Confira as notícias corporativas que vão agitar o mercado na volta do feriado

Agência do itaú
(Divulgação)

SÃO PAULO - Na volta do feriado, em dia que promete ser de baixa para as blue chips por conta da queda dos ADRs na última quarta-feira, o mercado ainda repercute um noticiário corporativo movimentado, com destaque para recomendações de ações. Confira os destaques da Bovespa nesta quinta-feira (3): 

Itaú Unibanco (ITUB4)
O Santander rebaixou a recomendação para as ações do Itaú Unibanco de compra para manutenção, introduzindo um novo preço-alvo para 2017 de R$ 44,00, ante R$ 30,00 em 2016. "Nós atualizamos nossos números após a divulgação dos resultados do terceiro trimestre e, dado o forte desempenho das ações no último ano (26% de desempenho acima do Ibovespa), vemos uma valorização limitada dos níveis atuais e, portanto, estamos reduzindo nossa recomendação. Acreditamos que o potencial do banco em implementar iniciativas para reduzir o capital (maior pagamento de dividendos, recompra de ações agressivas, fusões e aquisições) são fundamentais e precisam ser cuidadosamente monitorados, já que podem impulsionar uma alta adicional caso se concretizem", afirmam os analistas.

Fleury (FLRY3)
Por outro lado, o Santander elevou a recomendação para as ações da Fleury de neutra para compra, elevando o preço-alvo para 2017 de R$ 37,00 para R$ 49,00. "Estamos com uma visão mais bullish com Fleury, pois acreditamos que a melhora no desempenho operacional da empresa, mais uma vez demonstrada por seus últimos resultados trimestrais, é sustentável e que o guidance ainda a ser divulgado pode levar a ainda mais revisões para cima. Apesar do desempenho robusto da ação no acumulado do ano, temos expectativa de uma valorização adicional", afirmaram os analistas. 

Rumo (RUMO3)
A Brasil Plural rebaixou a recomendação para as ações da Rumo para equalweight após a alta de 180% dos papéis desde o aumento de capital. O preço-alvo para 2017 é de R$ 6,50 por ação.  

Arezzo (ARZZ3)
A Arezzo registrou lucro líquido de R$ 35,44 milhões no terceiro trimestre de 2016, uma queda de 1,8% na comparação com os R$ 36,08 milhões registrados no mesmo período do ano passado. A receita líquida, por sua vez, avançou 10,1%, a R$ 346,941, ante R$ 315,068 registrados entre julho e setembro de 2015. 

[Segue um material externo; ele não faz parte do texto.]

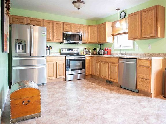 Welcome to this well maintained and ready to move into split entry home with an attached garage. 217 Cross St. features three bedrooms, two full bathrooms, and a convenient half bathroom, perfect for accommodating both family and guests. Step inside to discover a warm and inviting living space that seamlessly transitions into an eat-in kitchen, complete with modern appliances and ample storage. From the kitchen, you can step outside onto a deck with a fenced in backyard. The lower level reveals a finished basement that can serve as a family room, home office, or entertainment hub. All windows have custom blinds. This property is conveniently located two and a half blocks from the elementary school.
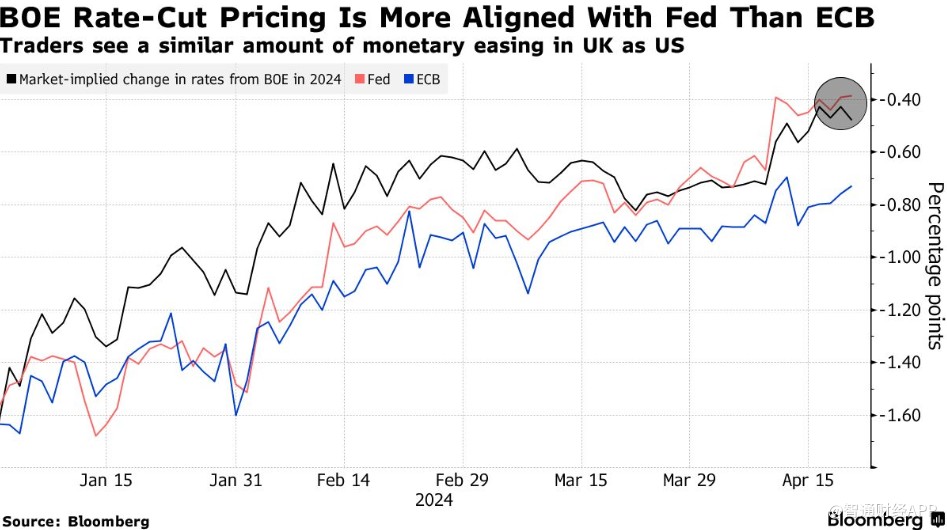 Bloomberg上周发布的一项经济学家调查显示,大多数人预计英国央行将在6月份首次降息25个基点,并在年底前降息整整一个百分点。与此同时,市场对2024年降息次数的预期已经从今年年初的6次降至现在的2次。

O Ebitda, por sua vez, avançou 12,5%, somando R$ 55,896 milhões, enquanto a margem Ebitda teve alta de 0,3 ponto percentual, para 16,1%. Segundo o BTG, o resultado foi bom, em linha com o esperado. 

Vale (VALE3;VALE5)
O presidente-executivo da Vale, Murilo Ferreira, disse na quarta-feira que a mineradora está tentando reduzir sua dívida para entre 15 bilhões e 17 bilhões de dólares até o final de 2017, uma pequena revisão da previsão anterior.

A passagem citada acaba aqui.